Single cell RNA-seq in the past and in future

Posted by beauty33 on December 15th, 2019

A brief introduction list of single-cell RNA sequencing:

• A major breakthrough was made in the late 2000s (replacement of microarrays) and has since been widely used.
• The average expression level of each gene in a large number of input cells was measured.
• Used to compare transcriptomics, such as samples from the same tissue from different species.
• Used to quantify expression markers from tissues, such as disease research.
• Be insufficient to study heterogeneous systems, such as early developmental studies, complex tissues (brains).
• No insight into the randomness of gene expression is provided.
• This is a new technology, first published in Tang,
• Until 2014, when new protocols and lower sequencing costs made it easier to obtain, single cell RNA sequencinggained widespread popularity.
• The distribution of expression levels of each gene in the cell population was measured.
• Allowing the study of new biological problems, where it is important to study cell-specific changes in the transcriptome, for example, cell type identification, heterogeneity of cellular responses, randomness of gene expression, inference of gene regulatory networks across cells .
• Data sets range from 102 to 10^6, and the number is increasing every year.
• Currently, several different protocols are in use, for example, SMART-seq2 (Picelli 2013), CELL-seq (Hashimshony 2012) and Drop-seq (Macosko 2015).
• There are also some commercial platforms, including Fluidigm, Wafergen and 10X.
• Several computational analytical methods from bulk RNA-seq can be used.
• In most cases, computational analysis requires adjustments to existing methods or development of new methods.
• There are several comments on scRNA-seq analysis, including Stegle, Teichmann, and Marioni 2015.
• Falco is a single-cell RNA-seq processing framework on the cloud;
• SCONE (Single Cell Overview of Standardized Expression) is a package for single cell RNA-seq data quality control and standardization;
• Seurat is an R package for quality control, analysis and exploration of single-cell RNA-seq data;
• ASAP (Automatic Single Cell Analysis Pipeline) is a web-based interactive single cell analysis platform.

The main difference between bulk and single cell RNA-seq is that each sequencing library represents a single cell, not a cell population. Therefore, great care must be taken to compare results from different cells (sequencing libraries). The main sources of difference between libraries are:

Amplification (up to 1 million fold);

The gene 'dropouts' refers to genes observed at a moderate expression level in one cell but not in another (Kharchenko, Silberstein and Scadden 2014). In both cases, since the RNA is derived from only one cell, a difference is introduced due to the low initial amount of the transcript. Increasing transcript capture efficiency and reducing amplification bias are currently active research areas. However, some of these issues can be mitigated through proper normalization and correction.

The development of new methods and protocols for scRNA-seq is currently a very active area of research and several protocols have been published over the past few years. Here is a brief list:

CEL-seq (Hashimshony et al. 2012);

CEL-seq2 (Hashimshony et al. 2016);

Drop-seq (Macosko et al. 2015);

InDrop-seq (Klein et al. 2015);

MARS-seq (Jaitin et al. 2014);

SCRB-seq (Soumillon et al. 2014);

Seq-well (Gierahn et al. 2017);

Smart-seq (Picelli et al. 2014);

Smart-seq2 (Picelli et al. 2014);

SMARTer

STRT-seq (Islam et al. 2013)

These methods can be categorized in different ways, but the two most important aspects are quantification and capture.

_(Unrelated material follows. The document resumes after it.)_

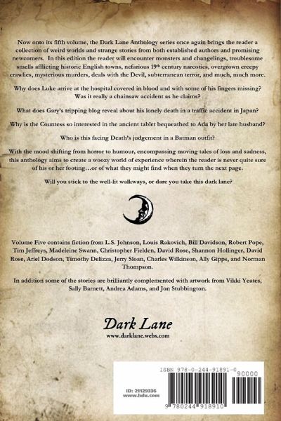 Now onto its fifth volume, the Dark Lane Anthology series once again brings the reader a collection of weird worlds and strange stories from both established authors and promising newcomers. In this edition the reader will encounter monsters and changelings, troublesome smells afflicting historic English towns, nefarious 19th century narcotics, overgrown creepy crawlies, mysterious murders, deals with the devil, subterranean terror, and much much more. Will you stick to the well-lit walkways, or dare you take this dark lane?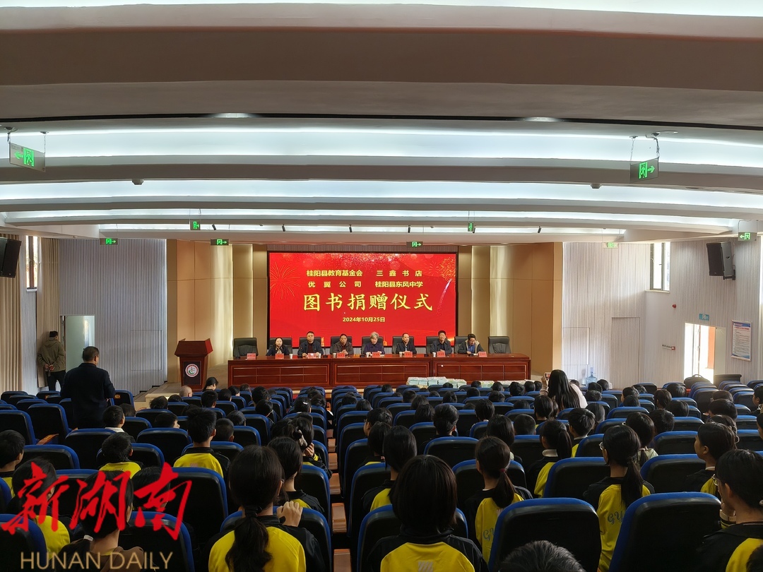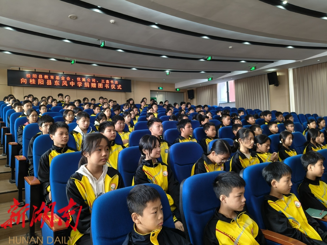 新桂阳10月25日讯(记者 邓明俊 )今天,县教育基金会、优翼公司、三鑫书店向东风中学捐赠图书。

For quantification, there are two types, full length and tag based. The former attempted to obtain uniform read coverage for each transcript. In contrast, the tag-based approach captures only the 5' or 3' end of each RNA. The choice of quantization methods is important for what type of analysis the data can be used for. In theory, the full-length scheme should provide uniform coverage of the transcript, but as we will see, the coverage is usually biased. The main advantage of tag-based solutions is that they can be combined with a unique molecular identifier (UMI), which helps to improve the quantified effect. On the other hand, limiting to one end of the transcript may reduce the matchability and also make it more difficult to distinguish between different isoforms (Archer et al., 2016).

The strategy used for capture determines the throughput, how to select cells, and what additional information is available in addition to the sequencing available. Among them, the three most widely used options are based on microporous, microfluidic and droplet options.